PVMBG merekomendasikan untuk segera menutup retakan dan memadatkannya agar air tidak meresap. Resapan air dapat mempercepat gerakan tanah. Selain itu, pengelola tol perlu mengalihkan aliran air menjauhi retakan.
”Lereng di tepian badan jalan yang dekat dengan sungai perlu diperkuat untuk mengurangi laju erosi dan meningkatkan kestabilan lereng,” ujarnya. Diperlukan penyelidikan geologi teknik sebagai landasan untuk memperkuat lereng.
Andiani menyebutkan, secara umum, lokasi jalan ambles merupakan daerah landai hingga agak curam di bantaran Sungai Cipunagara, Kabupaten Subang, dengan kemiringan lereng kurang dari 20 derajat. Lokasinya berada pada ketinggian 20-25 meter di atas permukaan laut.

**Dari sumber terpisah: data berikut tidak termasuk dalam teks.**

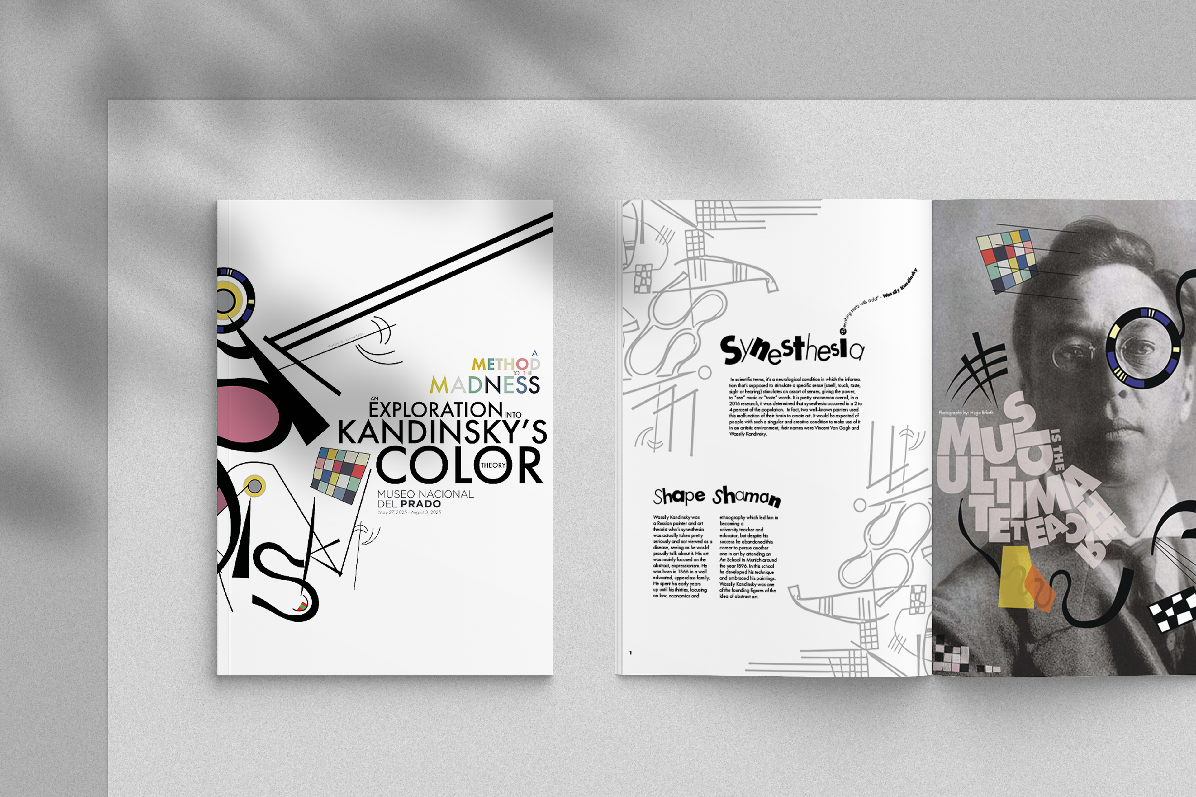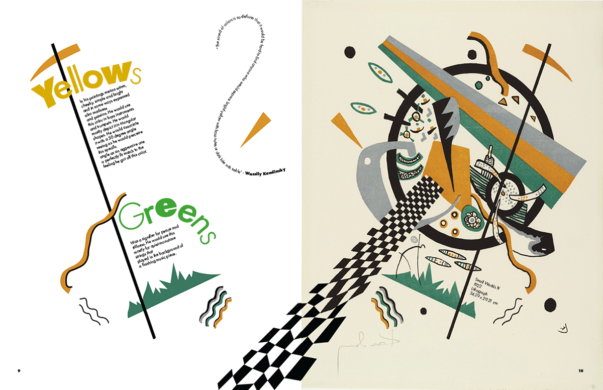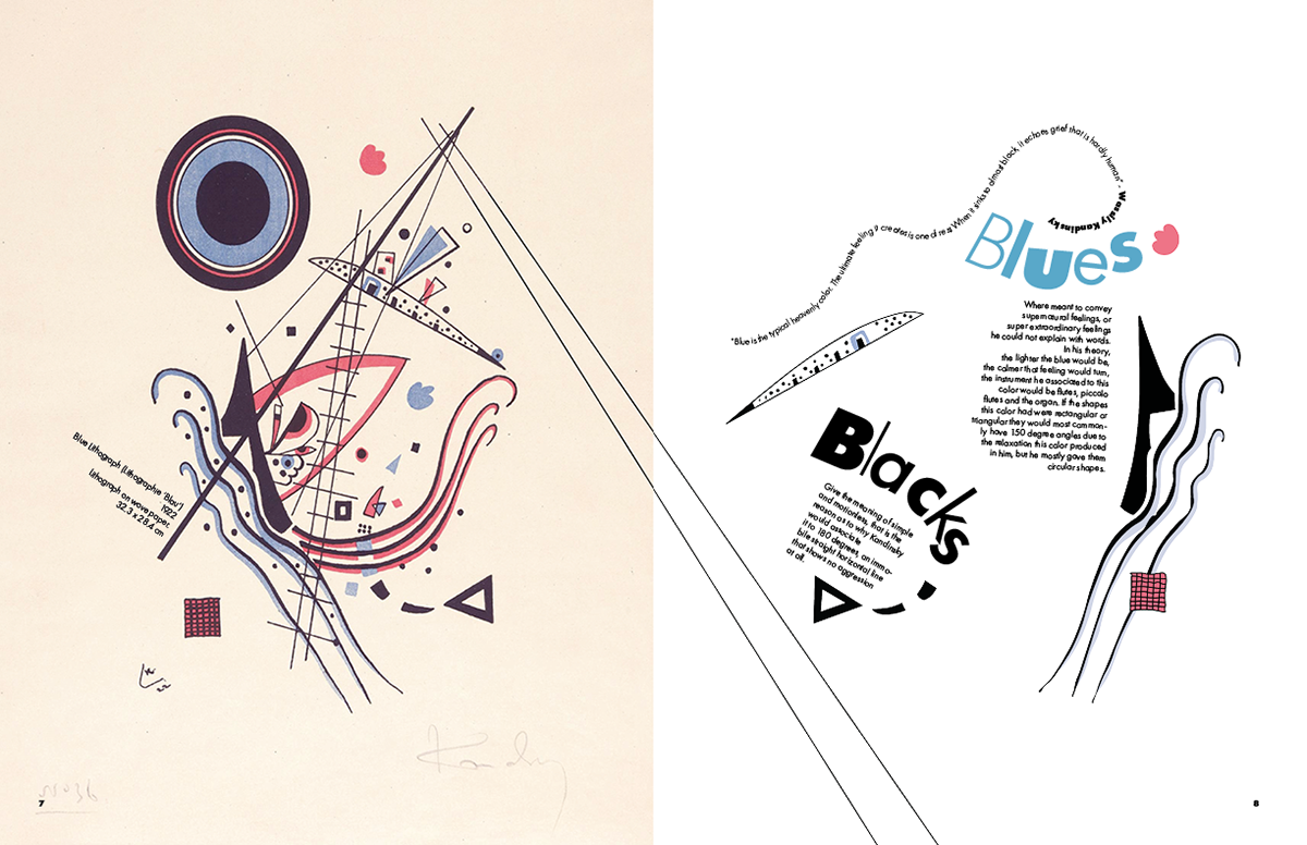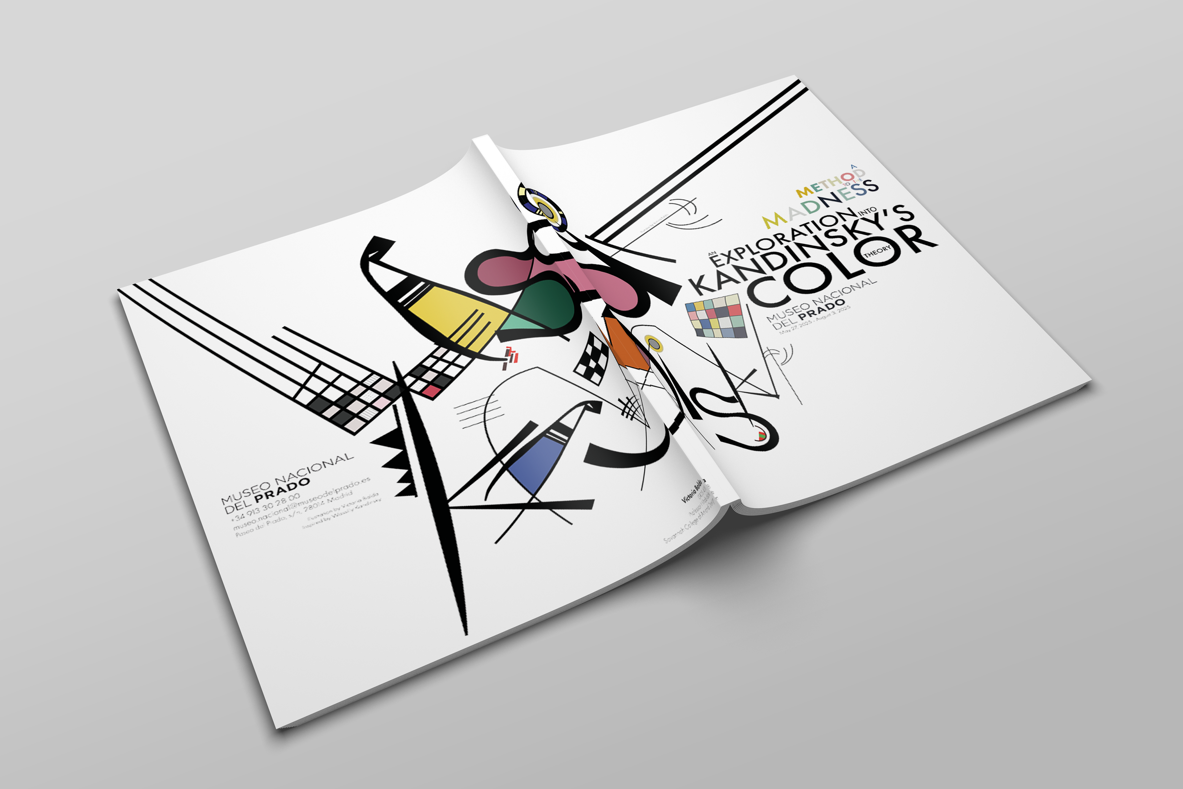 This brochure was designed for a hypothetical exhibition on Wassily Kandinsky’s color theory at the Museo Nacional del Prado. The visual language is constructed entirely from Kandinsky’s own formal vocabulary, those being lines, geometric motifs, textures, and chromatic accents extracted from his paintings. I created a custom display typeface for the introductory spread by deconstructing and recomposing letterforms found in his work, allowing the typography itself to echo his abstract syntax. Throughout the brochure, Kandinsky’s paintings intentionally break their boundaries and spill across spreads, reinforcing the idea of color as an energetic force rather than a contained element. Each section interprets a different aspect of his theory, integrating text with dynamically arranged fragments of his compositions to create a rhythm that mirrors the synesthetic, multisensory quality central to his practice.

Berdasarkan Peta Prakiraan Gerakan Tanah PVMBG pada Februari 2021, Tol Cipali Km 122 mempunyai potensi gerakan tanah rendah. Pada zona ini jarang terjadi gerakan tanah kecuali di perbatasan lembah sungai dan gawir.
”Kemiringan lereng tidak terlampau curam sehingga gerakan tanah relatif lambat. Kemungkinan material timbunan kurang padu atau mudah tererosi,” ujarnya.